Question

A liquid is placed in a hollow prism of angle $60^\circ $. If the angle of the minimum deviation is $30^\circ $, what is the refractive index of the liquid?
A) 1.41
B) 1.50
C) 1.65
D) 1.95

Answer 1

Hint: There two ways through which maximum deviation can be achieved one is when the angle is at 90 degrees.
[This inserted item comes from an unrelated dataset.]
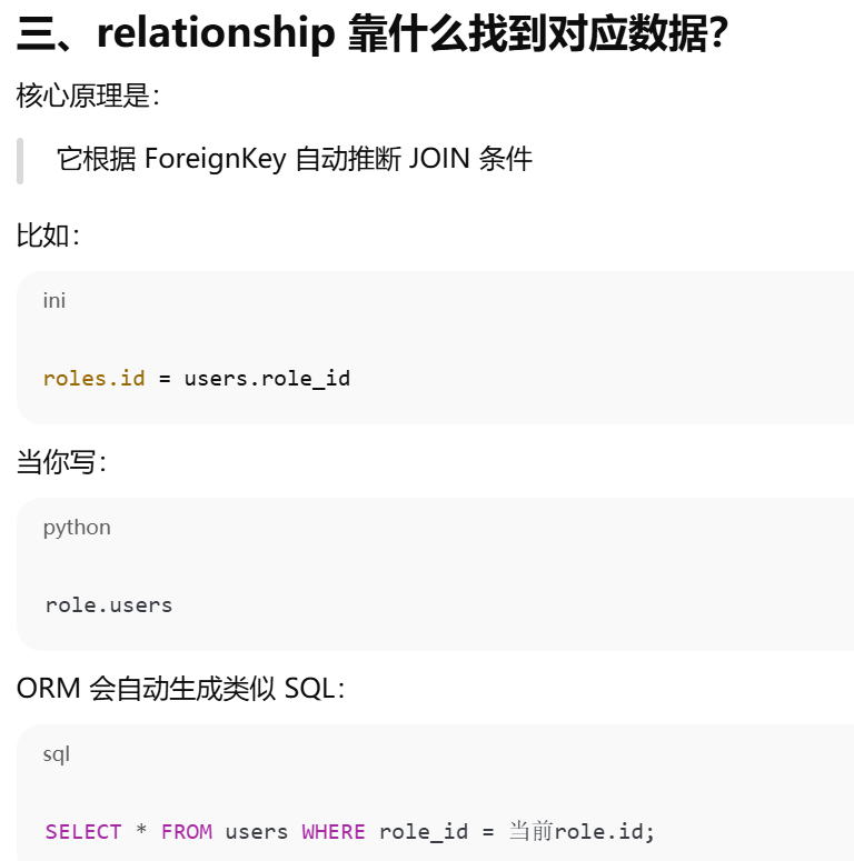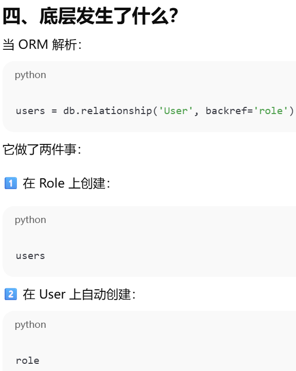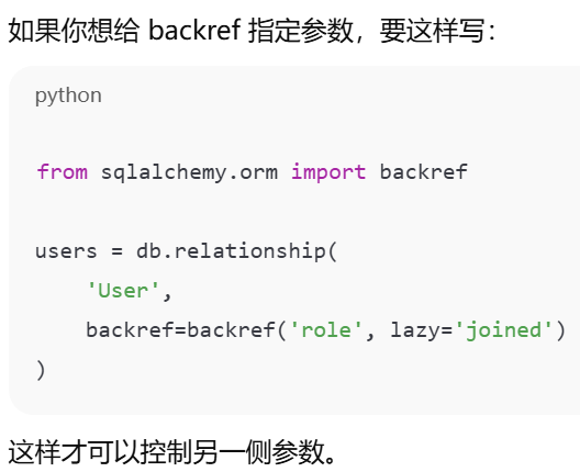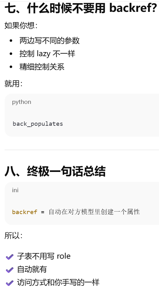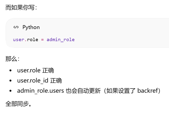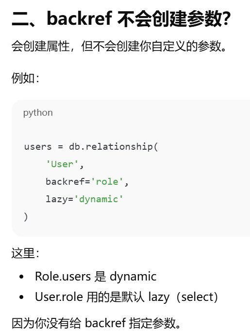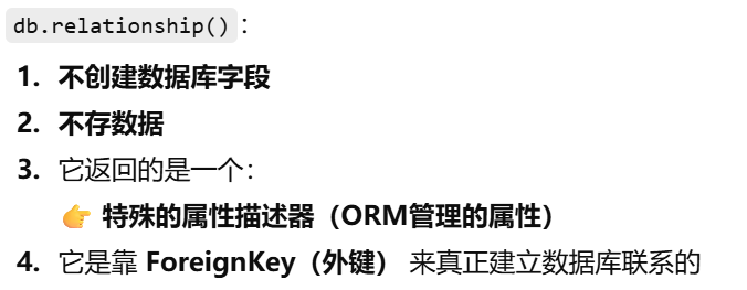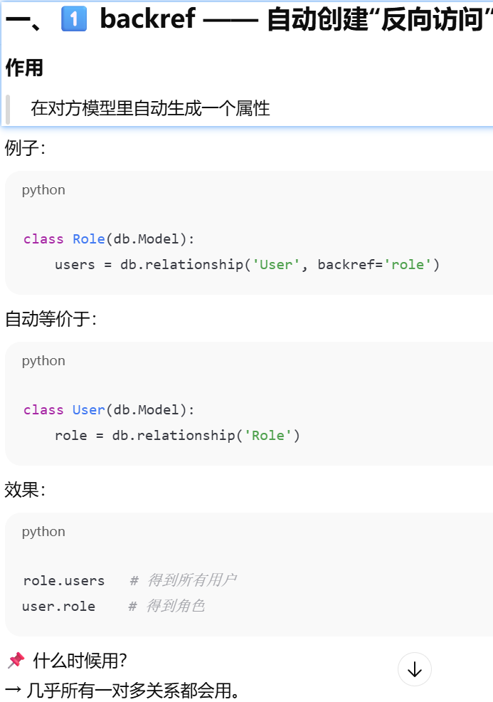 - [如果你在父表里写了 backref,子表就不需要再手动写那个属性,ORM 会帮你自动创建](#如果你在父表里写了 backref,子表就不需要再手动写那个属性,ORM 会帮你自动创建)

This is also known as the grazing incidence and another way is when the emergent light ray after leaving the prism grazes along the surface of the prism.

Complete step by step solution:
Step 1:
Find the refractive index of the liquid:
The condition of maximum deviation is given as:
$i = e;$ …(i = incident ray; e = emergent ray)
${\delta _{\min }} = 2i - A$;
Here:
${\delta _{\min }}$= Minimum Deviation;
i = Incident Angle;
A = Angle of hollow prism;
The formula for refractive index is given as:
$\mu = \dfrac{{\sin \left( {\dfrac{{{\delta _{\min }} + A}}{2}} \right)}}{{\sin \left( {\dfrac{A}{2}} \right)}}$;
Here:
$\mu $= Refractive Index.
${\delta _m}$= Minimum deviation.
$A$= Angle of hollow prism.
Here we have been given ${\delta _{\min }} = 30^\circ $; $A = 60^\circ $.

Step 2:
Put in the value of minimum deviation and angle of prism in the above equation and solve:
 $ \Rightarrow \mu = \dfrac{{\sin \left( {\dfrac{{30 + 60}}{2}} \right)}}{{\sin \left( {\dfrac{{60}}{2}} \right)}};$
$ \Rightarrow \mu = \dfrac{{\sin {{45}^\circ }}}{{\sin {{30}^\circ }}};$
Put in the value and solve:
$ \Rightarrow \mu = \dfrac{{\dfrac{1}{{\sqrt 2 }}}}{{\dfrac{1}{2}}};$
Do the needed calculation:
$ \Rightarrow \mu = \sqrt 2 ;$
The refractive index of the liquid is:
$ \Rightarrow \mu = 1.41;$

Final Answer: Option “A” is correct. The refractive index of the liquid is 1.41.

Note: We have been given the minimum deviation and the angle of the prism. Write the formula for the refractive index and put in the given value in the formula. The deviation reduces as the incidence angle increases until the deviation gets minimum. There is an increase in the angle of deviation as the angle of incidence increases.